Gogus and Boucher (1998) developed a method for calculating the inconsistency ratio of fuzzy pairwise comparison matrices, which its steps are given as follows.
STEP 1: Transform a triangular fuzzy matrix into two independent matrices. At this step, a triangular fuzzy matrix is divided into two matrices, assuming that the triangular fuzzy number is presented as follows.

Then, we will get,
The first matrix can be created by middle numbers of the triangular fuzzy matrix, that is:

The second matrix can be created by the geometric mean (GM) of the upper and lower bounds of the triangular fuzzy matrix, that is:

STEP 2: Compute the weight vector based on the saaty method and calculation of lamda(max)
STEP 3: Calculate the consistency index (CI): for each matrix, the CI can be calculated based on the following equation:


STEP 4: Calculate the consistency ratio (CR) of the matrices in Problem. In order to compute the CR, the consistency index (CI) of each matrix is divided by its random index (RI).

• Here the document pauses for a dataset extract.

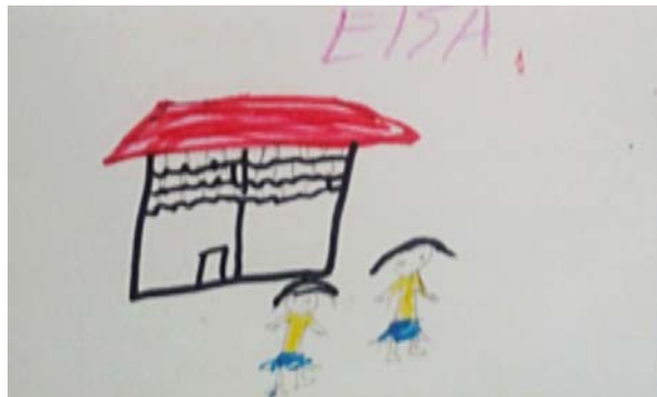
“Que mi mamá y mi papá vayan a la escuela” Elsa

If the values of CRm and CRg are less than 0.1, the matrices are consistent.
The values of the RI given by Gogus and Boucher method are different from those in the saaty method. Gogus and Boucher redeveloped the random indices (RI) Table for fuzzy pairwise comparison matrices with creating 400 random matrices. The following table presents the values of the RI for each matrix of Gogus and Boucher method.

hi
if n is 23 . what is the values of the RI ? I need its formula
Its like you read my mind! You seem to know so much about this, like
you wrote the book in it or something. I think that you could do with some pics
to drive the message home a little bit, but other than that, this
is wonderful blog. A fantastic read. I’ll definitely be back.
Any example of applying the method, please?
MCDM METHODS
Thanks for taking the time to talk about this, I feel strongly about it and enjoy studying more on this topic. If possible, as you acquire experience, would you mind updating your weblog with far more data? Its very helpful for me.
Took me time to read all the comments, however I really loved the article. It proved to be very useful to me and Im positive to all of the commenters here! Its all the time good when you cant only learn, but in addition engaged! I am certain you had joy penning this article. Anyway, in my language, there arent much good source like this.
May I reference part of this on my blog if I include a link to this webpage?
I am unquestionably bookmarking this web site and sharing it with my friends. You will be getting plenty of visitors to your web site from me!
I love the theme youre using in your blog Im so grateful with this post and thank you a lot for sharing it with us. Will definately keep close track of these pages.
hello
Can you explain more for step2؟
i have checked this site a few times now and i have to say that i find it quite exeptional actually. keep it up!
Thanks for the marvelous posting! I genuinely enjoyed reading it, you
might be a great author. I will be sure to bookmark your
blog and will often come back from now on. I want to encourage that you
continue your great writing, have a nice evening!